• [TASK INSTRUCTIONS] In the records below, find the line containing "- Battuta a" and the line containing "This beautiful property, located"; please repeat exactly the lines from one to the other, both included, and nothing more.

• [RECORDS FOR THE TASK]

──────

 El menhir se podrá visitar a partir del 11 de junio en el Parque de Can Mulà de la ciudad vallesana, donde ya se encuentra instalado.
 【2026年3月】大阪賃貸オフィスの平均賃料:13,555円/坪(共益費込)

──────

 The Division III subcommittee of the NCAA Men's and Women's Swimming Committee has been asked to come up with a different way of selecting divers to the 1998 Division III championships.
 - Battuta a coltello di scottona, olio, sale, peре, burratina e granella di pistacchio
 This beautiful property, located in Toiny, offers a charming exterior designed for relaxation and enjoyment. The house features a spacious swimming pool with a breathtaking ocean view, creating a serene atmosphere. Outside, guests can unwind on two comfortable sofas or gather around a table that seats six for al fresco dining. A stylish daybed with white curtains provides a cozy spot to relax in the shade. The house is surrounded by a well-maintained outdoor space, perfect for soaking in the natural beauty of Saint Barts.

──────

• [ANSWER SPACE]
 - Battuta a coltello di scottona, olio, sale, peре, burratina e granella di pistacchio
 This beautiful property, located in Toiny, offers a charming exterior designed for relaxation and enjoyment. The house features a spacious swimming pool with a breathtaking ocean view, creating a serene atmosphere. Outside, guests can unwind on two comfortable sofas or gather around a table that seats six for al fresco dining. A stylish daybed with white curtains provides a cozy spot to relax in the shade. The house is surrounded by a well-maintained outdoor space, perfect for soaking in the natural beauty of Saint Barts.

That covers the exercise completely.